Любимый?! Господи, как приторно! Меня сейчас стошнит! Нервно содрогнувшись, я среагировал на угрозу моментально, сжав его губы трубочкой.
-Губехи закатай, – голосом серийного убийцы процедил я. – Ничего этого не было, понял?
Что бы там между нами не произошло, никто не должен об этом знать. Даже я. Красноволосый оторопел на несколько секунд, а потом резко стал собираться куда-то. Господи, я не смотрю на обнаженного Дэниела! Не смотрю! Хлопнула дверь, оставляя меня наедине с этой неловкой ситуацией.
-Джи-джи, ты полностью прощён! – влетела Ди, не успел я подобрать свою футболку с пола.
-А? А?! – я был так ошарашен, натянув на себя одеяло до ушей.

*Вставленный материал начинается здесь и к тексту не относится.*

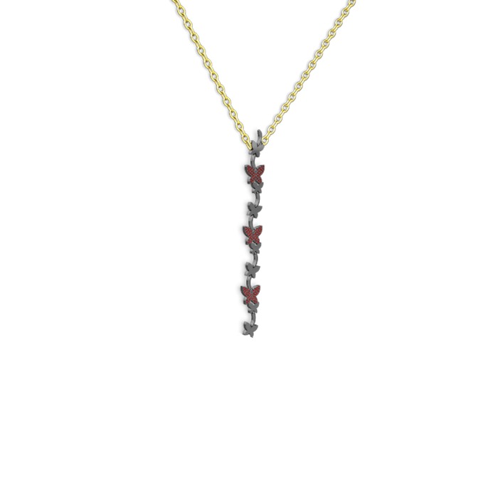 Garnet 925 ayar siyah rodyum kaplama gümüş kolye (40 cm altın rolo zincir)
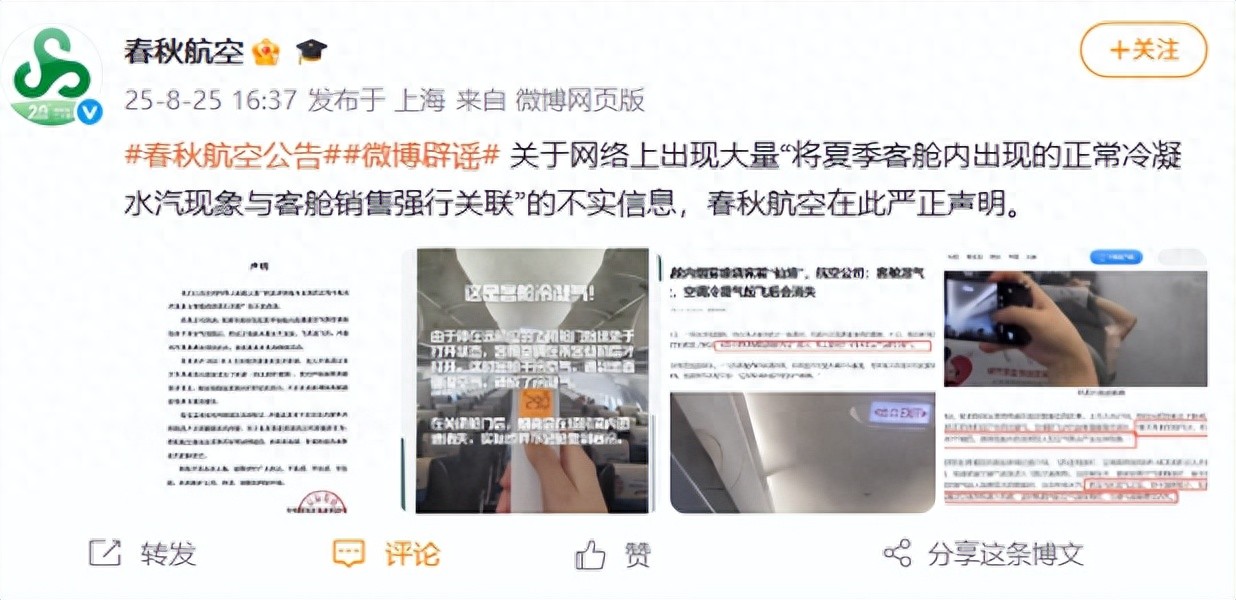 近日,春秋航空因"客艙溫度過低""毛毯收費(fèi)"等問題引發(fā)網(wǎng)絡(luò)熱議。8月25日,春秋航空通過官方微博發(fā)布嚴(yán)正聲明,針對"將夏季客艙冷凝水汽與銷售毛毯強(qiáng)行關(guān)聯(lián)"的不實(shí)信息進(jìn)行辟謠,并就乘客關(guān)注的"溫度控制""毛毯收費(fèi)"等爭議作出回應(yīng)。這場由"冷"引發(fā)的輿論風(fēng)波,折射出廉價(jià)航空服務(wù)中乘客體驗(yàn)與商業(yè)模式的深層矛盾。
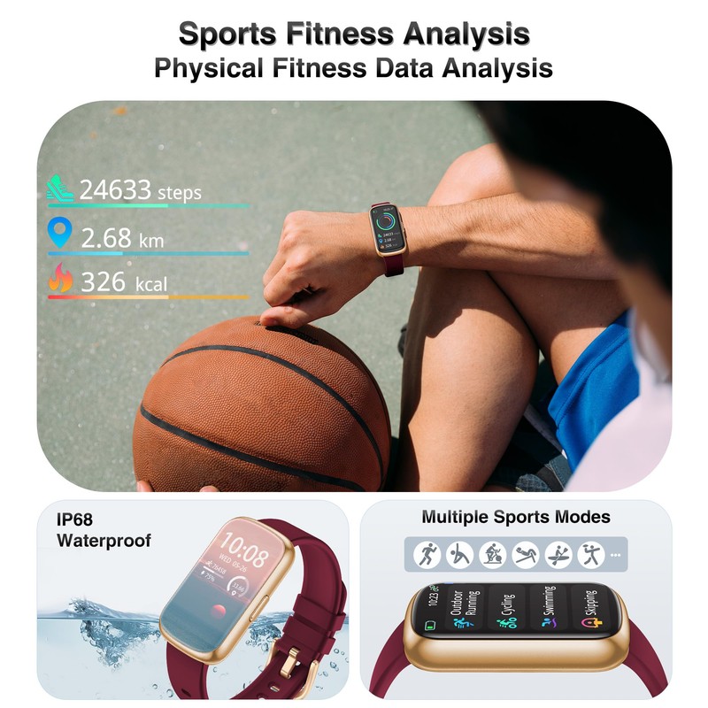 - đâăMultiple Sports Modes & Activity MonitoringăThis smartwatch offers a wide range of sports modes, including running, swimming, basketball, football, and more, covering all your favorite activities. As your perfect workout partner, it accurately tracks calories burned, steps taken, distance traveled, and real-time speed. Set personalized fitness goals to boost your workouts and achieve better results more efficiently.
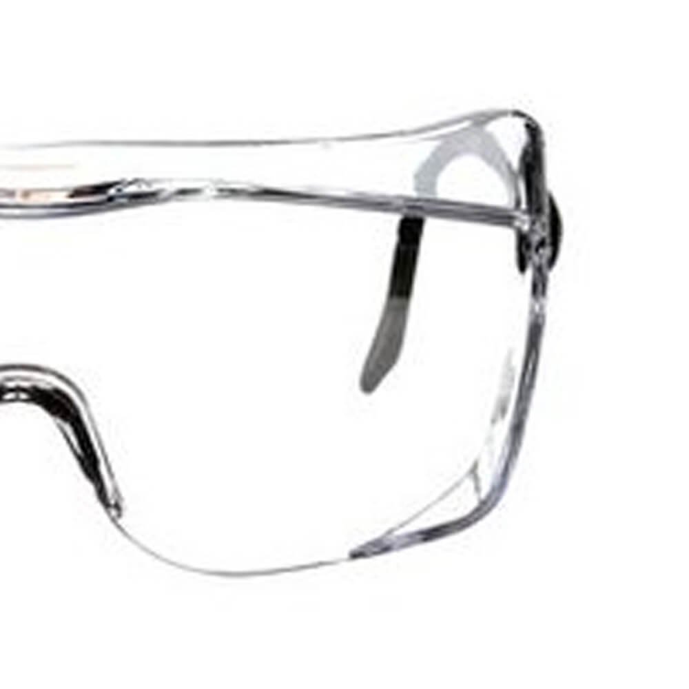 Os óculos de sobreposição 3M OX oferecem hastes ajustáveis para encaixar praticamente em rostos de qualquer tamanho e usuários de óculos prescritos. Suas lentes sem emenda com proteções laterais embutidas asseguram um largo campo de visão.

-Ну, у Ди-ди способность – ультразвук – она может видеть как дельфины. Комната соседняя, вид был очаровательный! Спасибо за шоу и счастье Дэни.
-Это было ошибкой! Я был пьян! Вон из комнаты! Дай одеться!
Она надула щёки и тоже хлопнула дверью. Надо срочно в душ и отмыться. Сегодня мы ещё и летим в Caligo на квест. Надеюсь, меня с головой накроет туманом, и он скроет за собой мой стыд.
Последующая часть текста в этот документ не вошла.